Alkışlar Gülse Birsel için...

Kendi mahallesi tarafından ruh taciziyle cezalandırılacağını bilerek Binali Yıldırım’ın hakkını teslim eden Gülse Birsel’i alkışlıyoruz…

Gülse Birsel bugünkü Hürriyet’te “Binali Yıldırım’ın mizacına dair bir hikâye” başlığı altında yayımlanan yazısında gerçekten yaşanmış bir öyküyü paylaşıyor okurlarıyla…

Kendi mahallelisinin gözünden düşme, saldırıya uğrama riskini de alarak yazıyor hem de…

Çünkü sadece Gülse’nin değil, karşı mahallenin de “en kötü” huylarından biri, sevmediklerinin takdir edilmesidir…

Yani…

Ve ne yazık ki…

Ama kabul edelim ki…

Gülse’nin mahallelisi Ak Partili bir başbakanı hiç sevmedi bugüne kadar…

Hiç takdir de etmedi…

Ama işte Gülse bugünkü yazısıyla o tabuyu yıkıyor…

Hatta…

Yazısını da şöyle bitiriyor:

“Uzlaşan, çözüm üreten, güler yüzlü, kibar insan lazım bize. Ve en çok da şimdi lazım...”

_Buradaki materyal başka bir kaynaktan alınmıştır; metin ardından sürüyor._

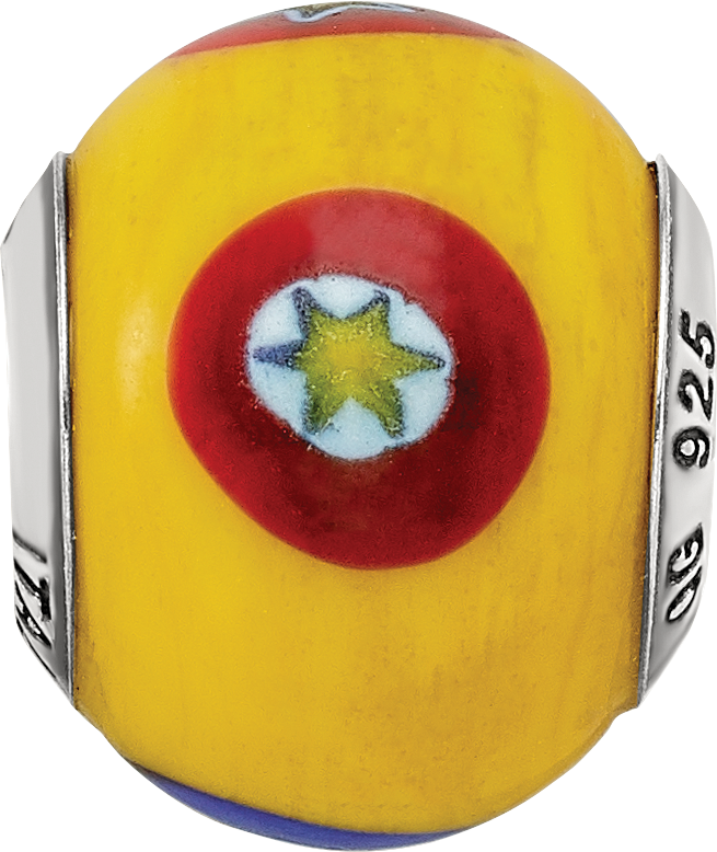 925 Sterling Silver Reflections Italian Yellow with Decorative Accents Glass Bead Charm Pendant

Kendi mahallesi tarafından ruh taciziyle cezalandırılacağını bilerek Binali Yıldırım’ın hakkını teslim eden Gülse Birsel’i alkışlıyoruz…


BİNALİ YILDIRIM'IN MİZACINA DAİR BİR HİKÂYE

Gülse BİRSEL (21.09.2016 / Çarşamba)

HİÇ sevmem ama bu hafta dedikodu yazarlığı yapacağım, çünkü bu, Başbakan'la ilgili tahminlerimi teyit eden bir anekdot.

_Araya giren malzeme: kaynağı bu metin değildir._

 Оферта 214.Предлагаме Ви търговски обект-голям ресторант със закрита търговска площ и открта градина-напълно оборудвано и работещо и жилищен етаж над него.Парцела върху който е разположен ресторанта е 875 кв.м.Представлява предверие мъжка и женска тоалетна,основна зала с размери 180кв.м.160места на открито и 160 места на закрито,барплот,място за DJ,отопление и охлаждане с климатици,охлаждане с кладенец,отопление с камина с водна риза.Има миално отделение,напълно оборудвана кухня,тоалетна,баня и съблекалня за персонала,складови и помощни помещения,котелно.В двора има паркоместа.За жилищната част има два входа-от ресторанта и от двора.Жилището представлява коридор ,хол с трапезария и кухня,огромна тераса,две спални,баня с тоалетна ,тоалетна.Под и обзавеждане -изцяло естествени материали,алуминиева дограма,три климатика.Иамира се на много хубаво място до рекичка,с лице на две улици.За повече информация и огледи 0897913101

Birinci ağızdan yaşayanlardan dinledim. 6 yıl kadar önce, o zaman Ulaştırma Bakanı olan Binali Yıldırım ve beraberindeki 15-20 kişilik grup, Ege kıyılarında küçük ama ün yapmış bir deniz ürünleri restoranına gidiyor. Sabahtan haber vermişler, restoran bütün gün heyecanla hazırlık yapmış. Zaten ufak bir mekân, tüm restoran Yıldırım ve misafirlerine ayrılmış. Misafirler denizden guletle restorana gelmişler.

Ne var ki, şu detay Binali Yıldırım ve arkadaşları tarafından bilinmiyormuş: Bu restoran nefis bir mutfağa sahip ama sadece midye, istiridye, langusta vs gibi kabuklu deniz ürünlerinde uzmanlaşmış bir yer! Balık bile yapılmıyor.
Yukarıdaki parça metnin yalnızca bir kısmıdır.